Still not mobile-friendly? Uh-oh.

Published on July 7, 2017
/ Article By Jimmy Bisenius

As of April 21st 2015, Google expanded it’s use of responsive site filtering on mobile devices. If this is you’re first time hearing this, you’re in trouble, but chances are you’ve known something was happening for a while but didn’t quite know the whole gist. Thankfully, Google didn’t punish those who didn’t update their sites too harshly as only mobile search traffic was filtered, but there’s a lot of missed opportunities to be had in a responsive and updated web design.

As of the summer of 2015, over 50% of Google searches occur on mobile devices. If you’re still not responsive in 2017, talk about missed opportunities. For some odd reason, I see marketing departments across the nation wasting hours upon hours continuously struggling to drive sales and grow, yet continuing to neglect mobile traffic as a whole. Why?
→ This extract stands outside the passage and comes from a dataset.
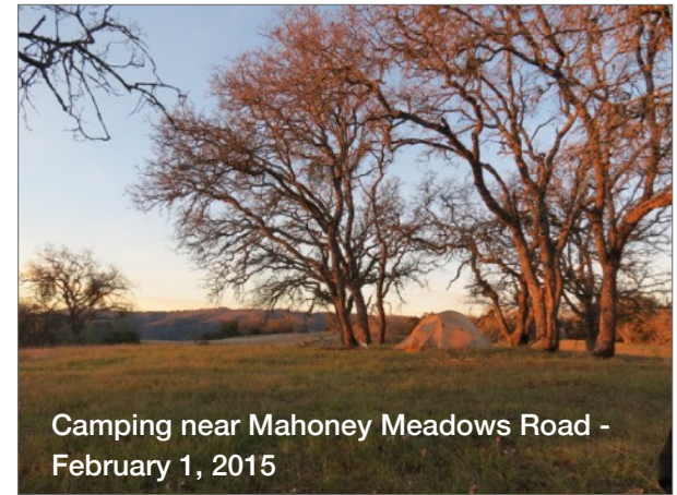
Camping near Mahoney Meadows Road - February 1, 2015
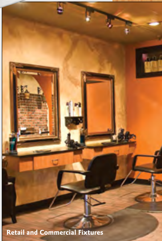
Retail and Commercial Fixtures

It’s simple. If you’re looking for online growth, especially when targeting the 18-25 year old demographic or lower it is absolutely essential to optimize your site for mobile. In fact, Google has reported that 61% of visitors are unlikely to return if they had accessibility problems on a mobile device, and 40% will visit a competitors site instead. By not optimizing for mobile, you’re not only losing your own traffic, you’re essentially handing it right over to the competitor. Ideally, the best way to deliver a consistent experience on the web across devices is to build your website mobile-first, meaning that the functionality across all devices remains the same as well as the layout across devices, in order to deliver a consistent experience for users.

Overall Points

  • Google is going to begin sorting mobile searches by mobile experience. By not going responsive, you’re at risk of losing over 50% of possible mobile traffic originating from organic Google search.
  • Even if you do still get organic mobile traffic on your site, 61% of visitors are unlikely to return to a site if they’ve had accessibility issues on mobile, and 40% end-up going to a competitors site.
  • If you do want to optimize your website for mobile, build from the ground up and go mobile-first. This is important to keep the user experience consistent between devices.
  • Building a consistent user experience on the web is a serious investment of time and labor. Don’t take shortcuts on your website and your investment will return ten-fold.